(Provided data)

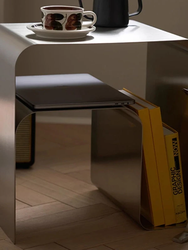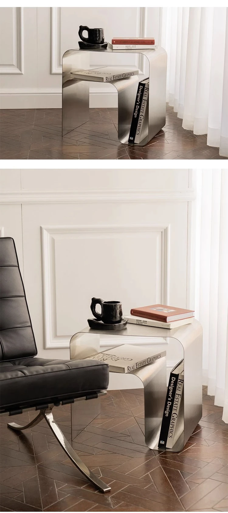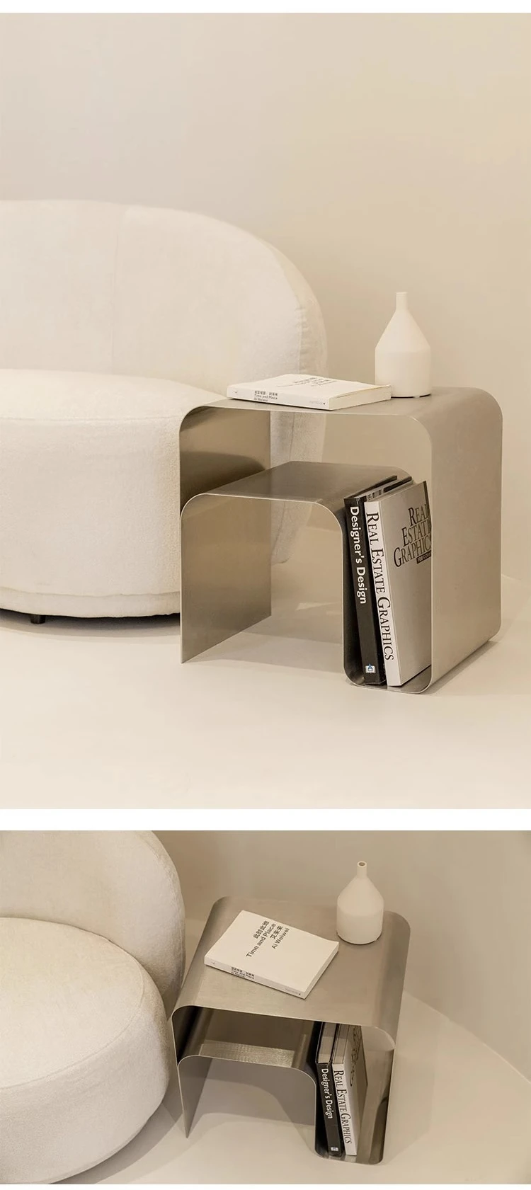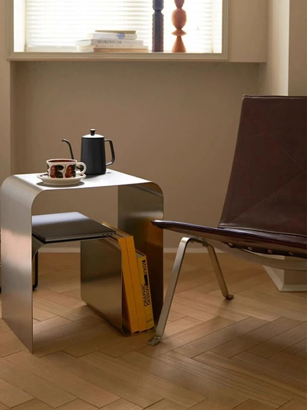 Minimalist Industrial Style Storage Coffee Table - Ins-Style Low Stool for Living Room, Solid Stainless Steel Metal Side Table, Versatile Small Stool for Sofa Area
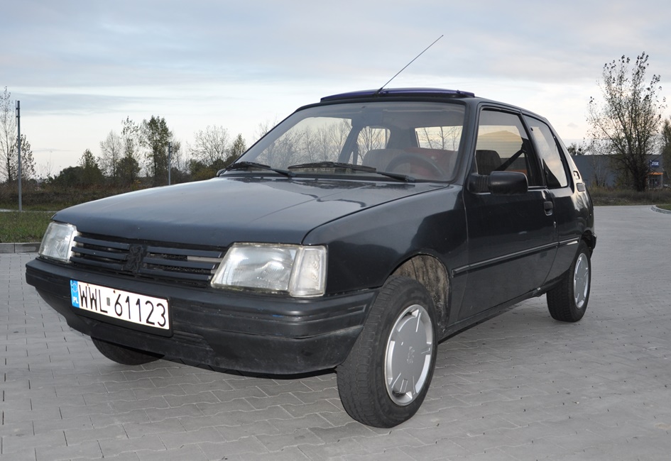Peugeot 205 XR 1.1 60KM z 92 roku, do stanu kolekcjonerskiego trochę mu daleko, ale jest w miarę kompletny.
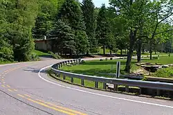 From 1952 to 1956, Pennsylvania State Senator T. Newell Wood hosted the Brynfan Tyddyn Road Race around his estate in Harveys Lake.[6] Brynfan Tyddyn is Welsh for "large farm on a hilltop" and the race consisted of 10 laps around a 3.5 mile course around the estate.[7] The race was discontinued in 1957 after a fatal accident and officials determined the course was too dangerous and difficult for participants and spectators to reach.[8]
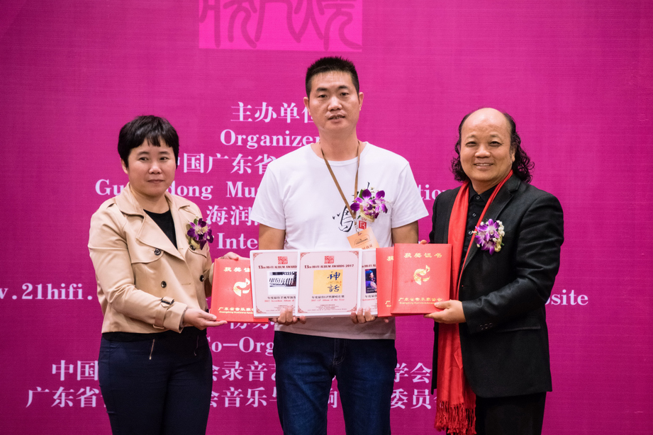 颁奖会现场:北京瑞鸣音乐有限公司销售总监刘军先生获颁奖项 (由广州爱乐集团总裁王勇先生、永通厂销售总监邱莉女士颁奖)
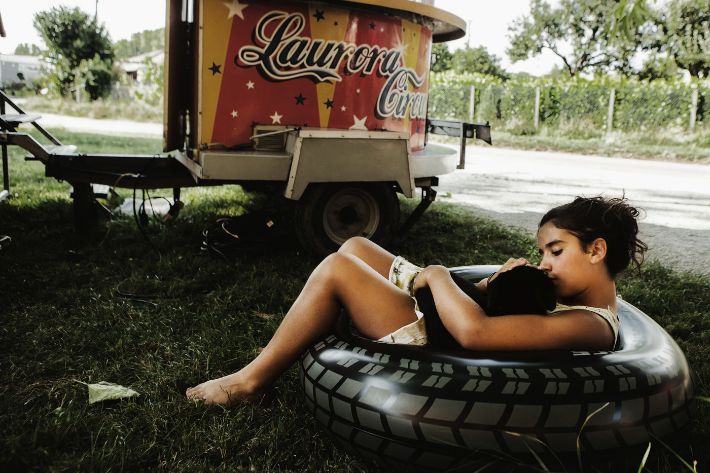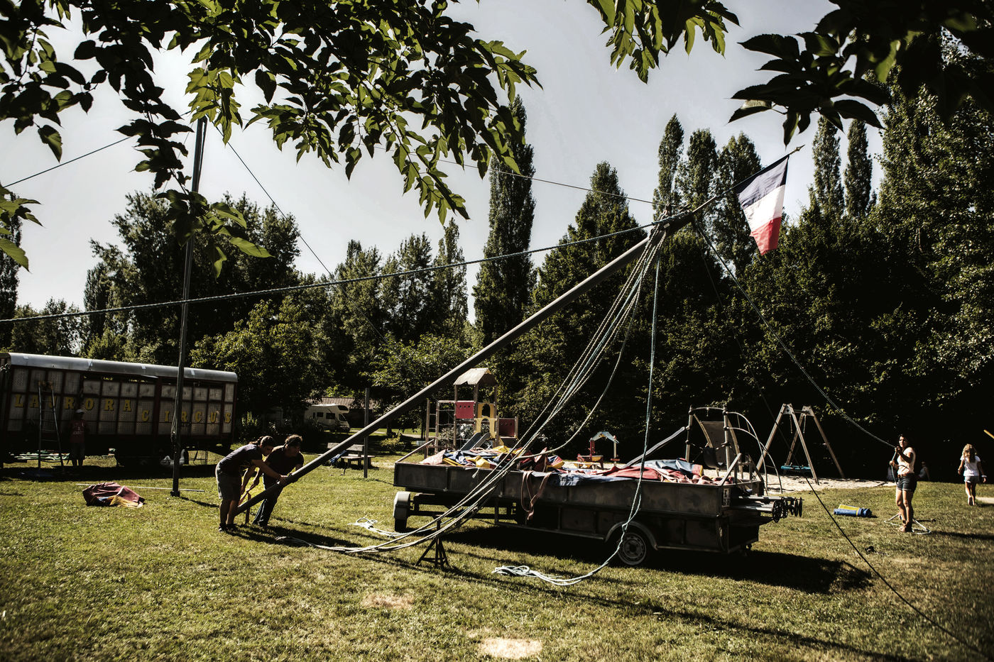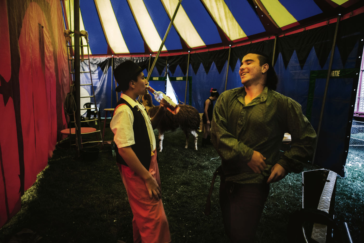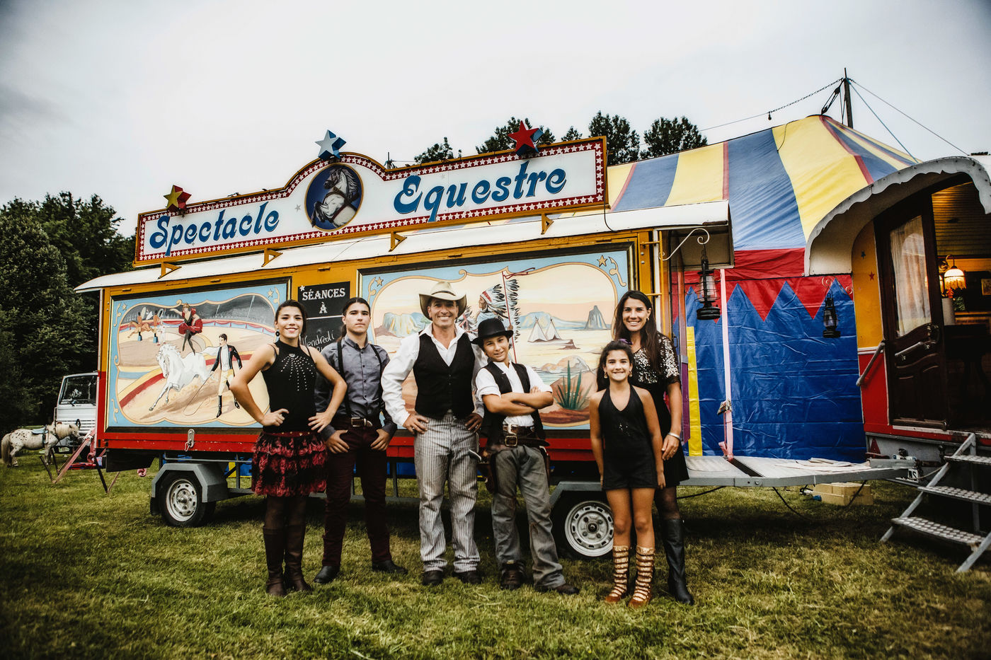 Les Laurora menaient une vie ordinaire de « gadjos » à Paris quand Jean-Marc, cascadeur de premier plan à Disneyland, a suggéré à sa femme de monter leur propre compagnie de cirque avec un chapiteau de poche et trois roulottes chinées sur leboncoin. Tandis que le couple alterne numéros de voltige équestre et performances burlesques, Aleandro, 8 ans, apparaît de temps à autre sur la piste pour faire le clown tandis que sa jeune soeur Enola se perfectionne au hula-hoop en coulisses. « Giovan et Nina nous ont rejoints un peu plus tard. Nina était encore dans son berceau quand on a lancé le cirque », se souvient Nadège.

(End Provided data)
(Provided data)

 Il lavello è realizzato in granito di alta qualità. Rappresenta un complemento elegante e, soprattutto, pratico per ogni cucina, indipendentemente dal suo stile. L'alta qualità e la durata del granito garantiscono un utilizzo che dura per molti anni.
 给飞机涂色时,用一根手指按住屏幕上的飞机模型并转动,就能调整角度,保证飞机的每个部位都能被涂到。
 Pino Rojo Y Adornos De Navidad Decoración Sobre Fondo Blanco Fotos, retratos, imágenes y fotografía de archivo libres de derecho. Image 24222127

(End Provided data)

> **Task to complete**
Set the pictures aside and retype exactly the lines above from the line with "Minimalist Industrial Style" to the line with "Peugeot 205 XR", both included, adding no others.

> **Solution to the exercise**
 Minimalist Industrial Style Storage Coffee Table - Ins-Style Low Stool for Living Room, Solid Stainless Steel Metal Side Table, Versatile Small Stool for Sofa Area
Peugeot 205 XR 1.1 60KM z 92 roku, do stanu kolekcjonerskiego trochę mu daleko, ale jest w miarę kompletny.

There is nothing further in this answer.